The whole story almost sounds too good to be true, and Toppin acknowledges the relative oddity of his budding career. The question NBA teams have to ask themselves is at what point his unusual trajectory wins out over conventional thought—which, in a vacuum, devalues the proposition of using a lottery pick on a 22-year-old. But this is not viewed as a normal draft, with the sub-par talent level of the potential player pool having been well-discussed at this point. And, probably burying the lede a bit, Toppin has had quite the season, averaging 20 points on 12 field goal attempts, shooting 69% on two-point attempts and 39% from three point range, grabbing seven rebounds per game, and putting himself among the contenders for every top national award.
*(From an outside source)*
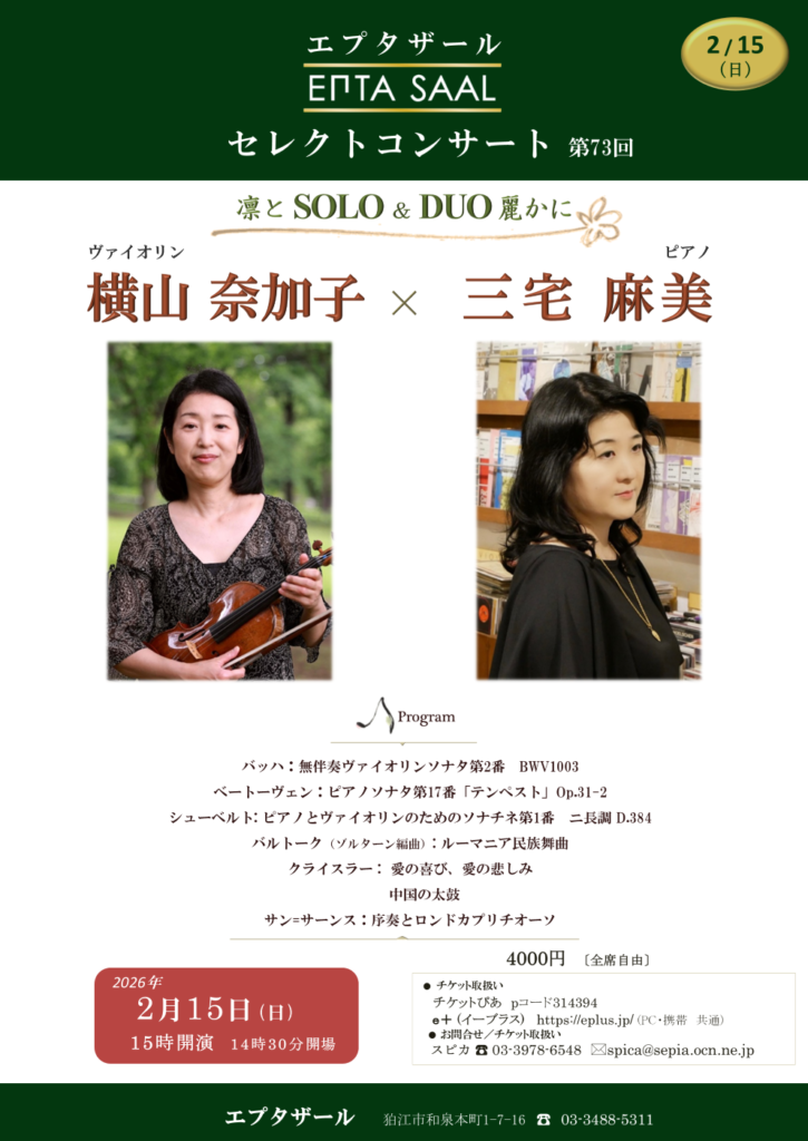 【日時】 2026年2月15日(日) 15時開演 (14時30分開場)

There’s some immediate precedent for college stars punting the age question: Virginia forward De’Andre Hunter vaulted into the top five of last year’s draft on the strength of his team’s national championship run, despite being 21 years old and at least 18 months older than all three players selected before him. North Carolina sharpshooter Cam Johnson, then 23, was selected 11th by Phoenix, becoming the oldest lottery pick since Buddy Hield (albeit a selection that was widely panned across the industry). Hield went sixth to New Orleans in 2016 after four years at Oklahoma, and was recently revealed to have been born in 1992, not 1993, making him 23 on draft night.
At 22, Toppin is close to maxed out physically, but boasts a good deal of polish offensively, as well as room to improve as a shooter and complementary playmaker. Optimistic evaluators see a readymade role player who can help teams win right away. Others hold concerns about him defensively, where he’s not particularly mobile or prolific as a shot blocker, and can at times be averse to contact. But there appears to be enough buzz in Toppin’s favor to project him comfortably somewhere in the mid to late lottery at this stage, barring a major sea change in consensus.
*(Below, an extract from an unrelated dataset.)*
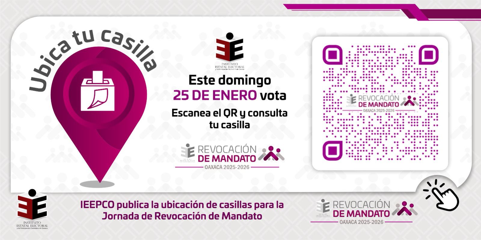 El Instituto Estatal Electoral y de Participación Ciudadana de Oaxaca (IEEPCO) informa que, en cumplimiento al calendario aprobado por el Consejo General, a partir de este momento ya se encuentra disponible en la página oficial de este órgano electoral la información correspondiente a la ubicación de las casillas para la Jornada de Revocación de Mandato.

“Obi fits the mold for a modern big perfectly,” says one Eastern Conference scout. “Well rounded offensive skillset, combined with explosive athleticism. I think he’s one of the safest bets in the draft. Long term starter potential, and could have a similar career to a Paul Millsap or Al Horford. He won’t be your first or second-best guy, but he can be a key piece on winning teams.”
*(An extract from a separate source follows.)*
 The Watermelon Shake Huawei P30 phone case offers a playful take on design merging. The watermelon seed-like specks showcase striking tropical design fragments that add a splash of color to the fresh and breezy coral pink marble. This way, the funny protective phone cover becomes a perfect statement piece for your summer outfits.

Understandably, Toppin told reporters last week that he wasn’t ready to think about the prospect of his college career ending. He acknowledged the likelihood that he’d turn pro in the spring, and justifiably so. With an A-10 tournament title firmly within reach, and potentially more on a national level, there’s a real platform for Toppin to endear himself further to NBA decision-makers. Dayton’s focus is on the next few weeks. But Toppin’s future will remain a point of debate all the way through June.
“He almost reminds you of Kyle Kuzma a bit, just because he’s really interesting offensively in a variety of ways,” says another Eastern Conference executive. “I’m not worried there. But he also creates some issues on the defensive end, where I’m not sure how high I’d go. But there comes a point in the draft where you really have to think about it.”